Your question can be described via a simple random walk on $\mathbb Z$: Choose i.i.d. random variables $X_1, X_2, \ldots$ such that

$$P[X_i = +1] = P[X_i = -1] = \frac 12$$

$X_i$ describes the outcome of the $i$-th toss of a coin: $+1$ means we win one dollar, $-1$ we lose one dollar. Furthermore, let $S_k = \sum_{i=1}^k X_i$ be the amount of money lost or won until time $k$.

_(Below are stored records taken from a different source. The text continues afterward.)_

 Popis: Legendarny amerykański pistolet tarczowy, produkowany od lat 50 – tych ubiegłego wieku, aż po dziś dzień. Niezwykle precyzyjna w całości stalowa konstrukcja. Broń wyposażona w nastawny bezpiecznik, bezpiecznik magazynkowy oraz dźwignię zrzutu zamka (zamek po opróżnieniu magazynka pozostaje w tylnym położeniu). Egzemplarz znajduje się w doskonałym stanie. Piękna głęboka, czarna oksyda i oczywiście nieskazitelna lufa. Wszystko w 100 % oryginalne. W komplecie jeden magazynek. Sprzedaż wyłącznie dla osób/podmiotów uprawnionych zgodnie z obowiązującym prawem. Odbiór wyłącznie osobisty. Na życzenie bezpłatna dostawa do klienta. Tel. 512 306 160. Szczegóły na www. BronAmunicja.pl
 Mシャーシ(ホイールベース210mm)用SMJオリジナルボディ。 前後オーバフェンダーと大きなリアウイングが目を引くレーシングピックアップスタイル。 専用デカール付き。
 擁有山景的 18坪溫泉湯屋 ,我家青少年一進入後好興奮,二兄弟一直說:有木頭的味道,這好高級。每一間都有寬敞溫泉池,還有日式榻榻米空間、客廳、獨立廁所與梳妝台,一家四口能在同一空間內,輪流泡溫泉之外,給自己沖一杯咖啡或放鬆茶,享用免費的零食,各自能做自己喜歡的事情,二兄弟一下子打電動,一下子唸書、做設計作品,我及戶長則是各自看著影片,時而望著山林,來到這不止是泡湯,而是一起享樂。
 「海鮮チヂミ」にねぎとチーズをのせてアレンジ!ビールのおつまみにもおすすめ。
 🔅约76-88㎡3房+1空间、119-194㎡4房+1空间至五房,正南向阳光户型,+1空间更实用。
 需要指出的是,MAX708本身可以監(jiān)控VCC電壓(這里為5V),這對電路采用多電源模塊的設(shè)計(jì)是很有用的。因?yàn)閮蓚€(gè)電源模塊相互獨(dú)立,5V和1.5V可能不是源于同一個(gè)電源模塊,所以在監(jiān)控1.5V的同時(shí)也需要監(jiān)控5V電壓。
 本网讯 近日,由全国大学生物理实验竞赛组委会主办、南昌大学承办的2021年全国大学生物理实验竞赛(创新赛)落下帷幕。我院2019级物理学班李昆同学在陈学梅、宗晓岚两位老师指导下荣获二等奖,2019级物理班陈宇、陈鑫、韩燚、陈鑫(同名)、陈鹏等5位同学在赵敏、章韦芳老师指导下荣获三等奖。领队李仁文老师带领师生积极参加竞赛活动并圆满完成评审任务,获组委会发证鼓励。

Now, for a positive integer $n$ (which describes the initial amount of money we own), define $$T_{-n} = \inf\{k\in \mathbb N\mid S_k = -n\}$$ to be the number of coin tosses until we go bankrupt. Then we have

Lemma: $P[T_{-n} > k] = \Theta(1/\sqrt k) \qquad \text{ as }k\to \infty$

which is to say: The probability of not being bankrupt after the $k$-th toss of a coin decreases like $1/\sqrt{k}$ (in particular, this goes to zero; so we will go bankrupt, eventually). On the other hand the calculation $$E[T_{-n}]= \sum_{k=1}^\infty P[T_{-n}>k] \approx \sum_{k=1}^\infty \frac{1}{\sqrt{k}} = \infty$$ shows

Corollary: $E[T_{-n}] = \infty$

which says, we may well have to wait a very very long time before we go bankrupt.

In an attempt to be self-contained. Here is

Proof of the Lemma: The proof involves two steps:

Claim 1: We have $$P[S_n = 2k-n] = \binom{n}{k}2^{-n}$$ for $k\le n$, and $P[S_n = x] = 0$ for all other $x$.


Claim 2: For $k>0$ we have $$P[T_{-n} \le k] = P[S_k \notin (-n, n]\,] $$

For Claim 1 just note that in order for $S_n = 2k-n$, we need to win $k$ times and lose $n-k$ times and there are $\binom nk$ possibilites to choose $k$ winners out of $n$.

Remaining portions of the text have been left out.